Churchfields Antiques her shop is called. She remembers it now. Someone has labelled the street on the wall beside it, as if to assist her. The sign looks odd. Surely it used to have a seashell pattern at either end? Surely the lettering was fancier than that?

In her day.

And then she looks down at herself and sees that she is shorter, and that her body has become that of a little boy wearing strange-looking, little-boy clothes in place of her black bombazine. For, like Her Imperial Majesty, she found mourning – for a husband who drank himself to death ten years into a childless, loveless but profitable marriage – a convenient disguise. She examines her hands, so recently gnarled and liver-spotted, and discovers that they are little and smooth. And then she recalls the carriage, coming at such a speed, the driver screaming a warning she cannot hear and has no time to act upon, and the horses out of control…

Everything passes, she thinks. That is why they have stopped me here – whoever they are – on this winter’s day in whatever year and made me – no, made him – look.

I – she – gave her every waking moment to this shop, extracting every farthing from every foolish passer-by; hoarded junk and lied without shame as to its provenance.
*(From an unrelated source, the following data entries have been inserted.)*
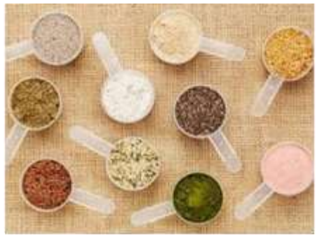
Уургийн агууламж бүхий нэмэлт тэжээл бэлтгэх, нийлүүлэх

Зайнаас тандах хэрэгсэл буюу хүзүүвч суурилуулалт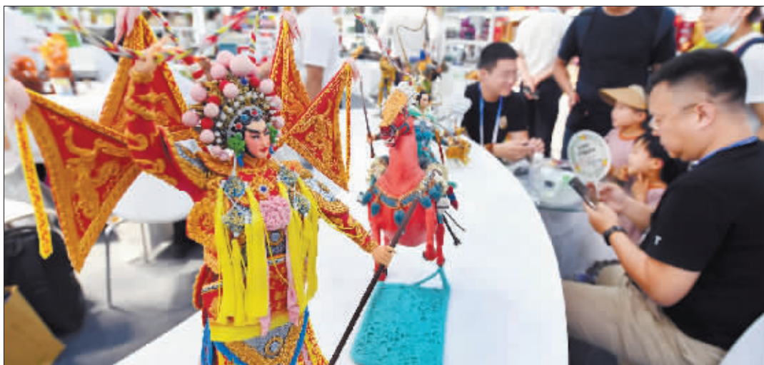
民族文化展示是展会的一大亮点。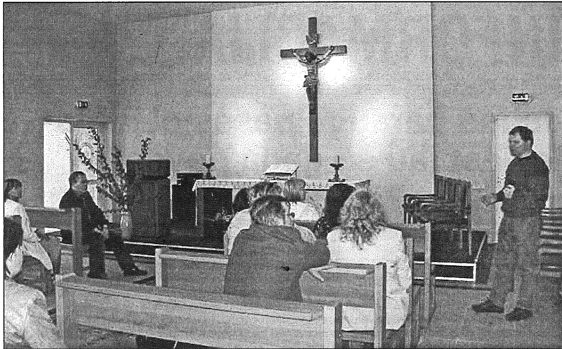
● Vienkārši un atturīgi – tā izskatās Ādažu militārās bāzes kapelā.

Ādažos dien apmēram pusotrs tūkstoši profesionālu speciālistu. — Latvijas armija ir jauna, svaiga un pozitīva, — tā virsleitnants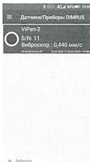
Рисунок 3 – Отображение виброметра «ViPen-2» № 11 в ПО «Беспроводные датчики DIMRUS».

6.4.4 В окне программы нажмите на строку с нужным серийным номером (рисунок 3) для проверки (изменения) настроек (рисунок 4).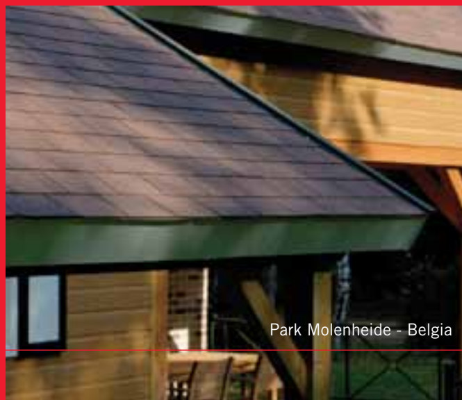
Park Molenheide - Belgia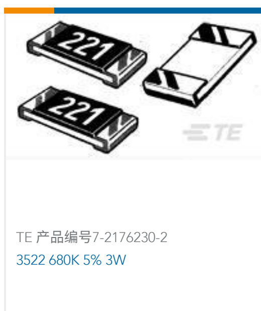
TE 产品编号7-2176230-2 3522 680K 5% 3W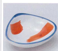
リ78-45-2 朱ハケメ 貝型小鉢 (12.5×11×4cm) ¥1,060 1429056021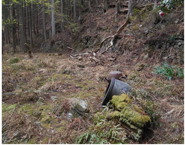
途中に人家の址がこの上にお墓もあった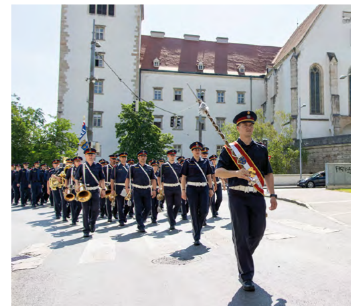
Die Polizeimusik Niederösterreich spielt am Mittwoch, 5. Juni, um 18.30 Uhr am Hauptplatz – Eintritt frei!

Das Konzert in Freistadt ist Teil des Polizeimusikfestivals von 4. bis 6. Juni in ganz Oberösterreich. Das große Finale mit allen Polizeimusiken Österreichs findet am 6. Juni um 18 Uhr am Linzer Hauptplatz statt.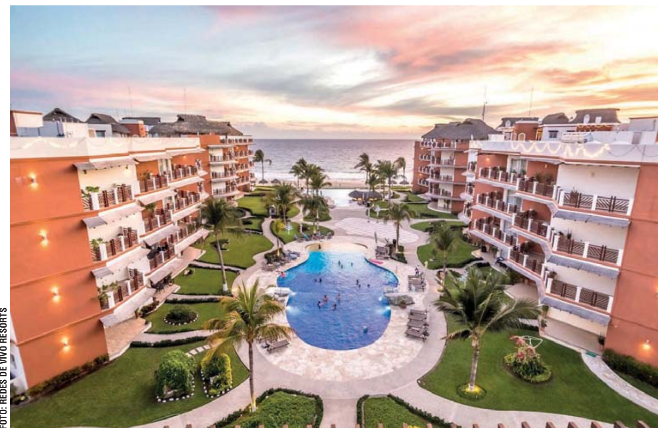
▶ Torres del complejo Vivo Resorts, propiedad de canadienses.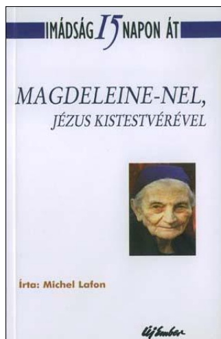
Michel Lafon: Imádság 15 napon át Magdeleine-nel, Jézus kistestvérével , Új Ember Kiadó, Budapest 2011.

Magdeleine Hutin, Jézus kistestvére kevésbé ismert a magyar keresztények körében, pedig a II. Vatikáni Zsinatot követő vallásos élet megújítása terén fontos szerepet töltött be 1946 óta kifejezésre juttatott és kistestvérei által az egész világon megélt intuíciói által. Mindig Charles de Foucauld-ra hivatkozik, tanítványának vallja magát, annyira, hogy Foucauld-t a Kistestvérek Testvérisége atyjának és alapítójának tekinti. A kötetben szereplő szövegeken elmélkedve ismerkedhetnek meg az olvasók Magdeleine kistestvérével, az életéből vett kisebb-nagyobb események felvillantásának segítségével, hogy ezáltal bizonyos szövegeket, idézeteket jobban meg tudjanak érteni. Ezekből az írásokból és Michel Lafon hozzájuk fűzött gondolataiból a mindennapokban megélhető lelkiesség képe bontakozik ki előttünk, melynek ismertetőjegye, hogy a világban való jelenlét, a szegények és elesettek iránti cselekvő könyörület és a bensőséges kapcsolat a Jézus Krisztusban emberré lett Istennel egyszerre jellemzi, s mindenki számára követhető útnak bizonyul.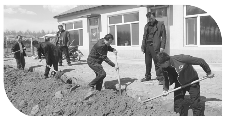
县人社局为哈吐气蒙古族乡宝山村出资5万元帮助贫困户发展庭院经济栽植葡萄。图为驻村干部帮村民挖葡萄沟。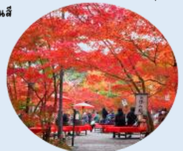
ที่ให้ภาพบรรยากาศที่งดงามของลานหนึ่งสีแดง ที่ปกคลุมไปด้วยใบไม้เปลี่ยนสี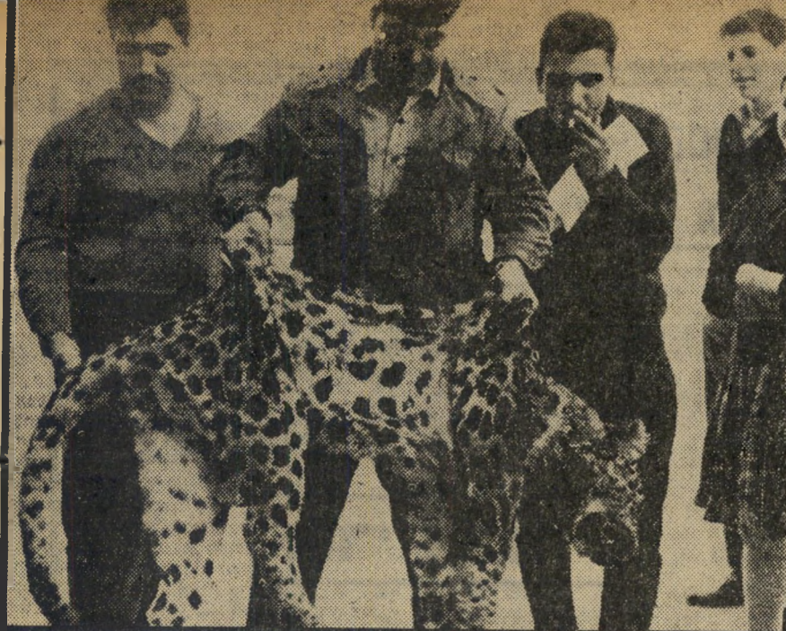
הנמר בידו מנצחיו* הכושי לא החליף את עורו —

ואותם מדינאים גדולים ובטחונאים גדולים, שהוכיחו בפרשת גרמניה קבל עם ועולם את חוסר-כשרונם הפיננאלי — הם שימיכו לנהל את ענייני ישראל, לעצב את מדיניותה (אם אפשר לקרוא לזה מדיניות, מבלי לאנוס את המילה) ולדחף לאומה על כשלונותיה. עד מתי?

Those were her masterpieces, she thinks, and that was her fulfilment – the invention of the perfect story, the truly irresistible lie. She married the shop rather than its owner. She gave her life to the shop rather than him. And she died in the street outside the shop, like a dog thrown into the gutter. And now…

The wind blows in over factory roof and terrace, bringing with it a shower of sleet. The boy remembers his now-name, and the when of his present life. Fumbling in his pockets for his gloves, he drags his collar up around his ears and turns in the direction of home.